Improving Indoor Air Quality with Passive Type Live Green Walls

In urban environments, where outdoor air pollution and indoor air quality are growing concerns, the integration of green infrastructure within buildings is gaining attention. One innovative approach to enhancing indoor environments is the implementation of passive type live green walls. This article explores how these living systems can significantly improve indoor air quality, providing a healthier environment for occupants.

What is a Passive Type Live Green Wall?

A passive type of live green wall, also known as a biofiltration wall or bio wall, consists of a vertical installation of plants integrated into the indoor spaces of buildings. Unlike active green walls, which use forced ventilation to draw air through the plant medium, passive green walls rely on natural processes — the passive movement of air through the wall’s plant and soil layers — to filter indoor air.

Benefits of Passive Type Live Green Walls

Natural Air Filtration

The primary mechanism through which passive green walls improve air quality is through the natural process of phytoremediation. Plants absorb common indoor pollutants such as benzene, formaldehyde, and trichloroethylene through their leaves and roots.

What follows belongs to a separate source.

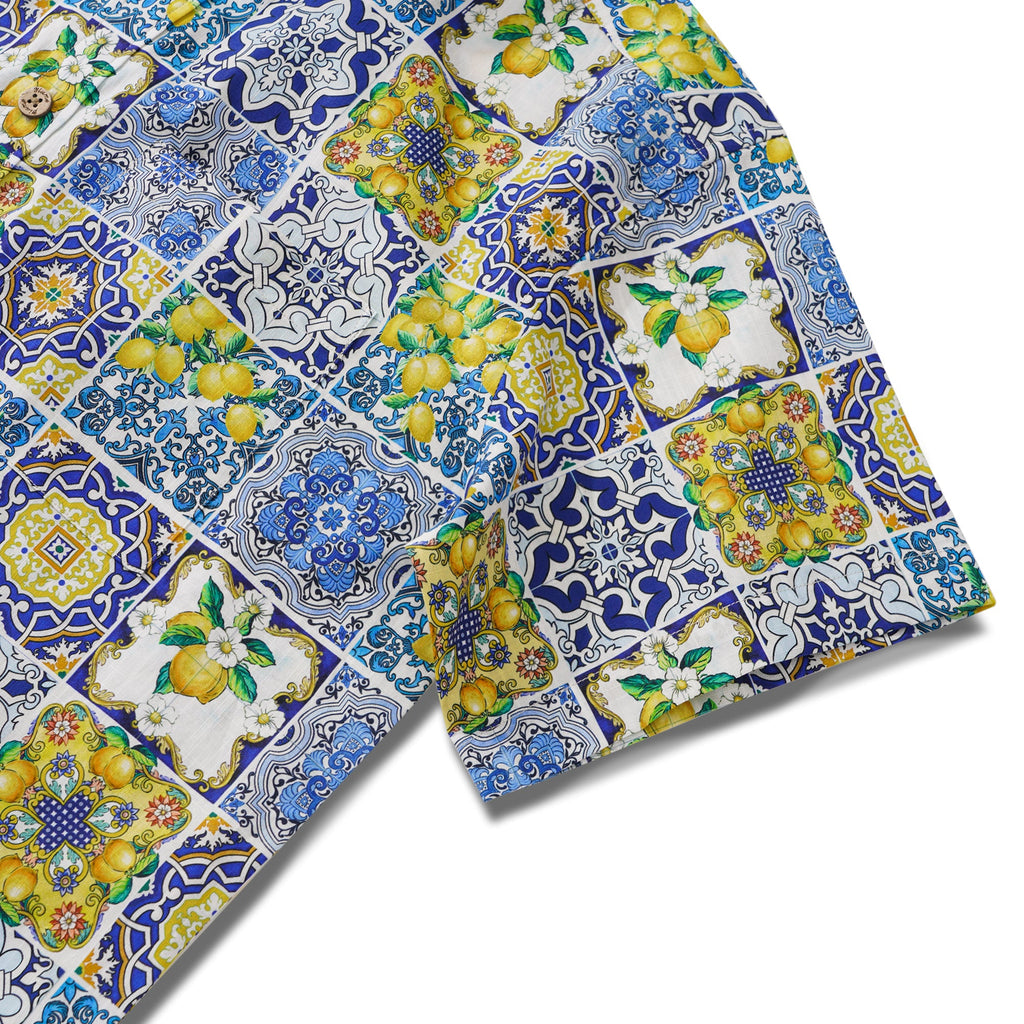 Men's Hawaiian Shirt Short Sleeve Button-down 100% Cotton White Aloha Dream of Palermo

A study published in the Journal of Environmental Horticulture (2014) demonstrated that certain indoor plants could reduce volatile organic compound (VOC) concentrations by up to 80% within a 12-hour period.

Humidity Regulation

Plants naturally transpire water as part of their physiological processes, which can help regulate indoor humidity levels. Maintaining appropriate humidity is crucial for human comfort and health, reducing the risk of respiratory disorders and inhibiting the growth of mould and dust mites. According to research by the University of Technology, Sydney, indoor plants can significantly increase relative humidity in dry indoor environments.

Psychological Benefits

While not directly linked to air quality, the presence of green walls can also enhance mental well-being, reducing stress and increasing productivity. This psychological uplift can indirectly promote a healthier indoor environment by improving occupants' interactions and care for their surroundings.

Energy Efficiency

Passive green walls provide natural insulation and cooling effects. During the summer, the evapotranspiration from the plants can cool the surrounding air, reducing the need for air conditioning. In winter, the additional layer of plants and soil provides insulation, potentially lowering heating costs.

Implementation and Maintenance

Implementing a passive green wall involves considerations of design, plant selection, and maintenance. The success of a green wall in improving air quality depends significantly on choosing the right types of plants that are effective at absorbing the specific pollutants present in the indoor environment. Furthermore, regular maintenance, such as watering, pruning, and health monitoring of the plants, is essential to ensure the wall remains effective and attractive.

Conclusion

Passive type live green walls offer a sustainable and effective solution to improving indoor air quality. By harnessing the natural processes of plants, these installations help filter pollutants, regulate humidity, and enhance the overall indoor environment. As research continues and technology in biofiltration advances, passive green walls may become a staple in green building practices, aligning architectural design with environmental sustainability.